This is very slow compared to merely adding/removing a tag bit. As for evidence as to whether this is a bottle-neck it is obscured by plugin primitives that mitigate the effects, such as primitiveFindSubstring. In general these are a bad idea because they're hard to debug, effectively impossible to change and are not polymorphic. But take a look at the following, which uses identityIndexOf: to avoid primitive machinery (but is no slower since invoking the primitive machinery is in itself expensive)
| wa ws ba bs bc wc n | ba := (120 to: 125) collect: [:cc| Character value: cc]. bs := ba asString. bc := ba last. wa := (12345 to: 12350) collect: [:cc| Character value: cc]. ws := wa asString. wc := wa last. n := 1000000. { Time millisecondsToRun: [1 to: n do: [:ign| ba identityIndexOf: bc ifAbsent: 0]]. Time millisecondsToRun: [1 to: n do: [:ign| bs identityIndexOf: bc ifAbsent: 0]]. Time millisecondsToRun: [1 to: n do: [:ign| wa identityIndexOf: wc ifAbsent: 0]]. Time millisecondsToRun: [1 to: n do: [:ign| ws identityIndexOf: wc ifAbsent: 0]] } Squeak 4.0 beta1 Closure: #(448 1058 451 8631) Stack VM: #(581 1531 579 7303) Cog: #(214 600 213 1970)
So string access is two to three times slower than array access when the result is fetched from the character table and an order of magnitude worse when the result must be boxed. (I don't know why the Stack VM is slower than Squeak 4 for non-boxed access; I probably need to do a merge :) ).
- Bert -
Bert Freudenberg wrote:
Yes. Keep 31-bit SmallIntegers, provide e.g. 24-bit immediate characters. Andreas wrote a thorough sketch of this scheme in 2006.
I would like to see this scheme get adopted. My own suggestion for the spare encoding (spare if the GC is changed, that is) was for unboxed 30 bit floats, but that seems to be unpopular and I guess I can live with float arrays instead.
Certainly immediate charaters are very important as we move away from ASCII, and I liked Andreas' suggestions of colors and short points as well. But I would be particularly interested in having an immediate encoding for symbols. You already have a global table from converting to/from strings, so I see no need to store anything in the symbols themselves. Having a trivial way to know that an object is a symbol without chasing a class pointer could make serializing/restoring objects a little faster.
-- Jecel
On 08.05.2009, at 01:13, Jecel Assumpcao Jr wrote:
Bert Freudenberg wrote:
Yes. Keep 31-bit SmallIntegers, provide e.g. 24-bit immediate characters. Andreas wrote a thorough sketch of this scheme in 2006.
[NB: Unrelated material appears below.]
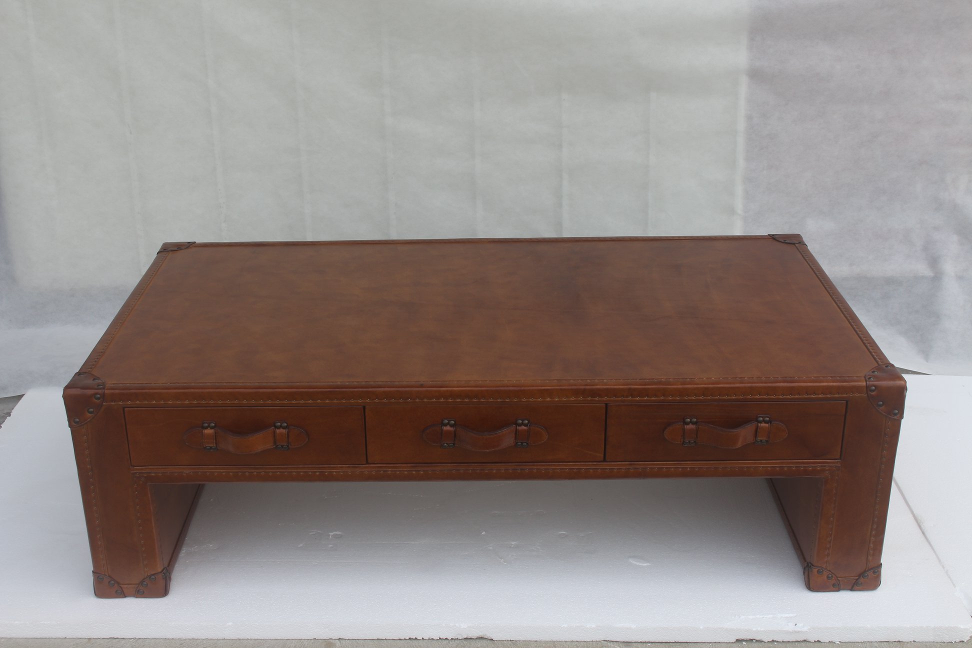 Couchtisch Wohnzimmertisch Truhe Beistelltisch in Vintage Tisch 147x85cm Leder

I would like to see this scheme get adopted. My own suggestion for the spare encoding (spare if the GC is changed, that is) was for unboxed 30 bit floats, but that seems to be unpopular and I guess I can live with float arrays instead.
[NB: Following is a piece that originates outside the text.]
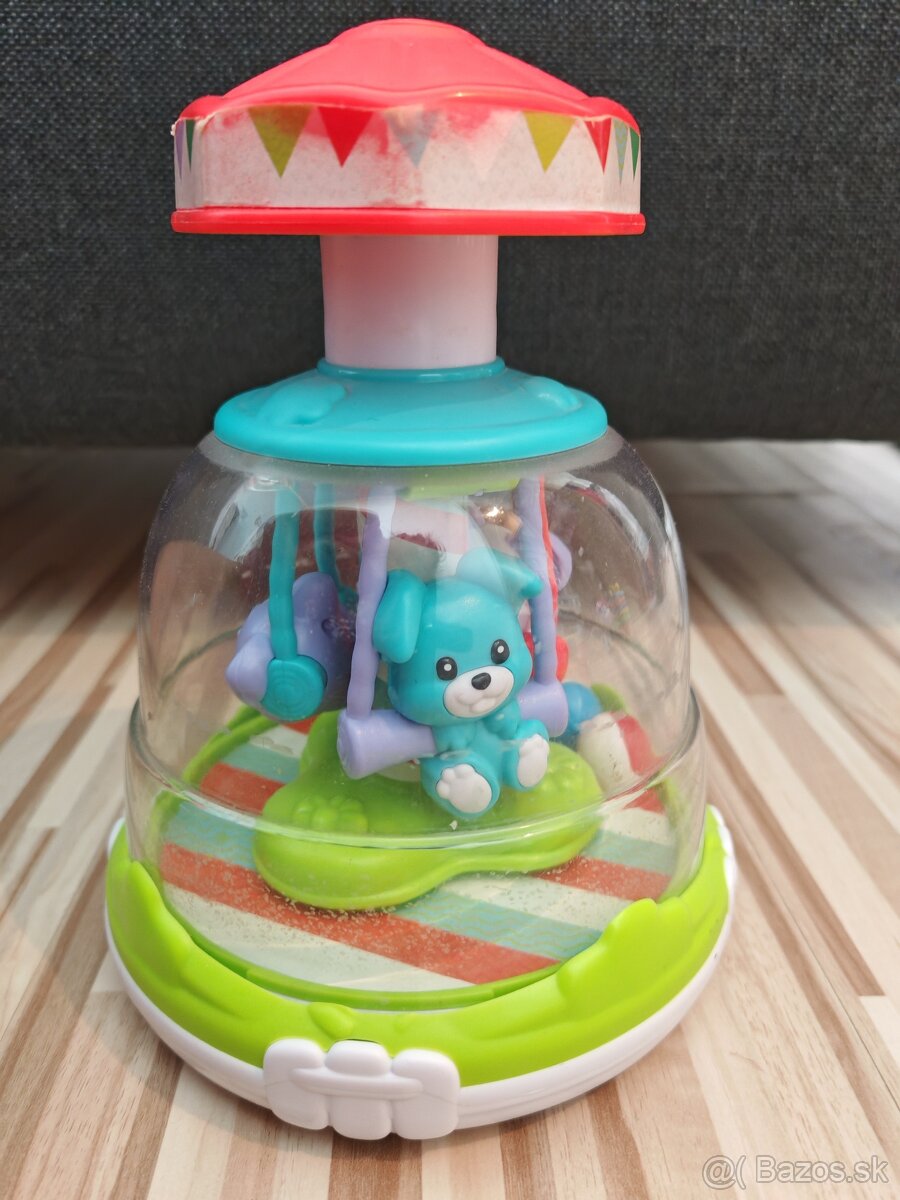 Stlačte vrchnú časť a kolotoč sa začne otáčok ako skutočný. Pohybujúce sa farebné guľôčky deti zaujmú a pobavia. Perfektná hračka pre rozvoj manuálnych schopností, porozumenia príčiny a následku. Rozmer balenia: 17 x 24 x 17 cm. Vek: 9m +

Certainly immediate charaters are very important as we move away from ASCII, and I liked Andreas' suggestions of colors and short points as well. But I would be particularly interested in having an immediate encoding for symbols. You already have a global table from converting to/from strings, so I see no need to store anything in the symbols themselves. Having a trivial way to know that an object is a symbol without chasing a class pointer could make serializing/restoring objects a little faster.
-- Jecel
The quote above was Eliot's, not mine.
Having immediate Floats seems rather compelling to me, too. Or immediate doubles, which might be a good reason to want a 64-bit image.
- Bert -
At Thu, 7 May 2009 09:04:54 -0700, Eliot Miranda wrote:
- remove stack access from the API, writing them as SmartSyntaxPlugins where arguments are passed in as parameters,
returning the result on success and 0 (not SmallInteger 0) on failure
In these days, nobody would care much about it, but this would make it harder to simulate a platform independent performance primitive in the image?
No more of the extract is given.